*Extracted material*:
▶

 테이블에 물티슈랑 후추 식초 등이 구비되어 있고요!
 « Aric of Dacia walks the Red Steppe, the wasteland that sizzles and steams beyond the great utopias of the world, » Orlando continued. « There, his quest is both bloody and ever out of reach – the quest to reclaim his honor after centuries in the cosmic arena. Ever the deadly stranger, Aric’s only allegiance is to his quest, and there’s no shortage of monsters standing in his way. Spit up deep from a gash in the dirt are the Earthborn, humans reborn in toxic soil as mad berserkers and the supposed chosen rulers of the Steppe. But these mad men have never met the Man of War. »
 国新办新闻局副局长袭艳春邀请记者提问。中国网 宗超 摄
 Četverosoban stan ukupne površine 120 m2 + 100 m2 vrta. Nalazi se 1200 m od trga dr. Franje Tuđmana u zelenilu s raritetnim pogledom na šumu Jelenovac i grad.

◀
▶

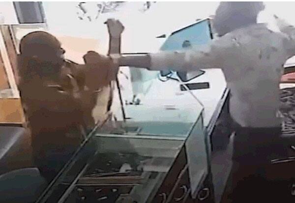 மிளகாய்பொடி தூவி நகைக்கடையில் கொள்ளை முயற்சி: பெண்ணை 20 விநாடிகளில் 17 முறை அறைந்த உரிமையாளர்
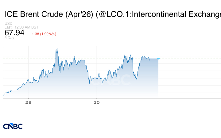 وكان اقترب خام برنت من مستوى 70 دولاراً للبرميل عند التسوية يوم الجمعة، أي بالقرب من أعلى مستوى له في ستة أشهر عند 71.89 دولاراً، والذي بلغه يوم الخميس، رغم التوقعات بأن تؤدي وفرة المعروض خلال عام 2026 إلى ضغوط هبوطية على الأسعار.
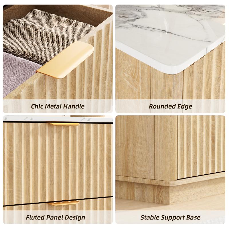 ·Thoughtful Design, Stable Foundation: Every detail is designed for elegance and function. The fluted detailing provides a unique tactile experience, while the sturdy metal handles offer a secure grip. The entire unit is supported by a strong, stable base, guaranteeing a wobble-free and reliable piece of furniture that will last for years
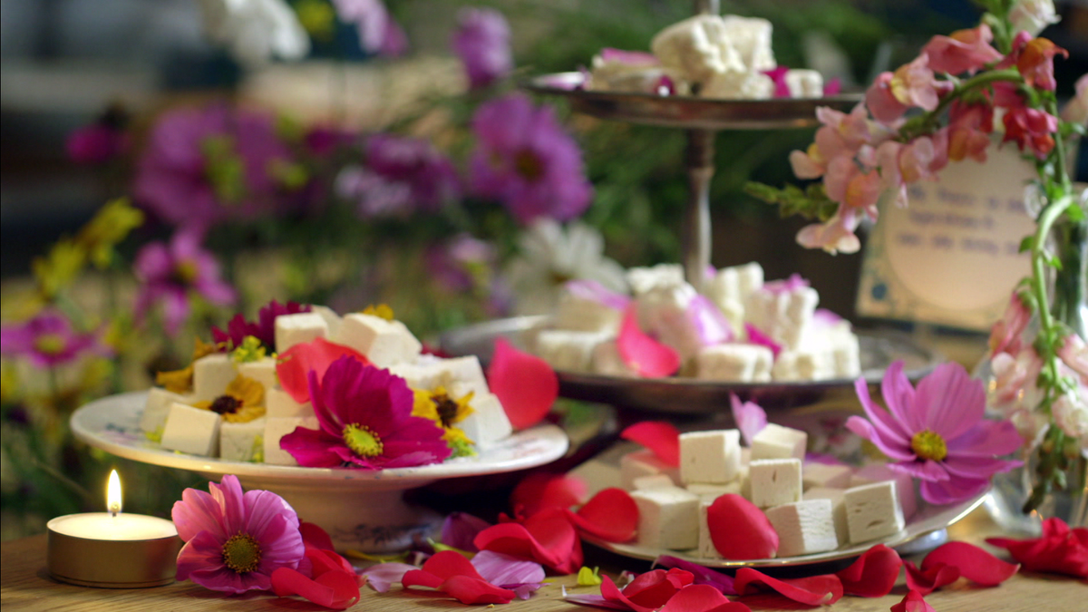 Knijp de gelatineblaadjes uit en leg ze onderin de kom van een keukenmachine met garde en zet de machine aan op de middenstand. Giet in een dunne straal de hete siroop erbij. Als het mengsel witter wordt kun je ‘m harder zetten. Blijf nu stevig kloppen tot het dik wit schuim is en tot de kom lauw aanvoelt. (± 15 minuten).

◀
▶

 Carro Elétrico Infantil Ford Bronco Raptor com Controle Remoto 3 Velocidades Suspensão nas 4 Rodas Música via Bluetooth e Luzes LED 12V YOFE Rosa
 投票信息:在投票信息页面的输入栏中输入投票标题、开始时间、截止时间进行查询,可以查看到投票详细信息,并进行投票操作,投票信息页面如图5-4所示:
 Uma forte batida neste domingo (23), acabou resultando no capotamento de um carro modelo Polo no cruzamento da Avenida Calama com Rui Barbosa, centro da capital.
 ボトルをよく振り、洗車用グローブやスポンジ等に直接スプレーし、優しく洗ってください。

◀

*Task brief*:
Please give again the lines above between the line holding "테이블에 물티슈랑 후추 식초 등이 구비되어 있고요!" and the line holding "Četverosoban stan ukupne", inclusive, exactly as they are and with nothing added.

*Solution for this problem*:
 테이블에 물티슈랑 후추 식초 등이 구비되어 있고요!
 « Aric of Dacia walks the Red Steppe, the wasteland that sizzles and steams beyond the great utopias of the world, » Orlando continued. « There, his quest is both bloody and ever out of reach – the quest to reclaim his honor after centuries in the cosmic arena. Ever the deadly stranger, Aric’s only allegiance is to his quest, and there’s no shortage of monsters standing in his way. Spit up deep from a gash in the dirt are the Earthborn, humans reborn in toxic soil as mad berserkers and the supposed chosen rulers of the Steppe. But these mad men have never met the Man of War. »
 国新办新闻局副局长袭艳春邀请记者提问。中国网 宗超 摄
 Četverosoban stan ukupne površine 120 m2 + 100 m2 vrta. Nalazi se 1200 m od trga dr. Franje Tuđmana u zelenilu s raritetnim pogledom na šumu Jelenovac i grad.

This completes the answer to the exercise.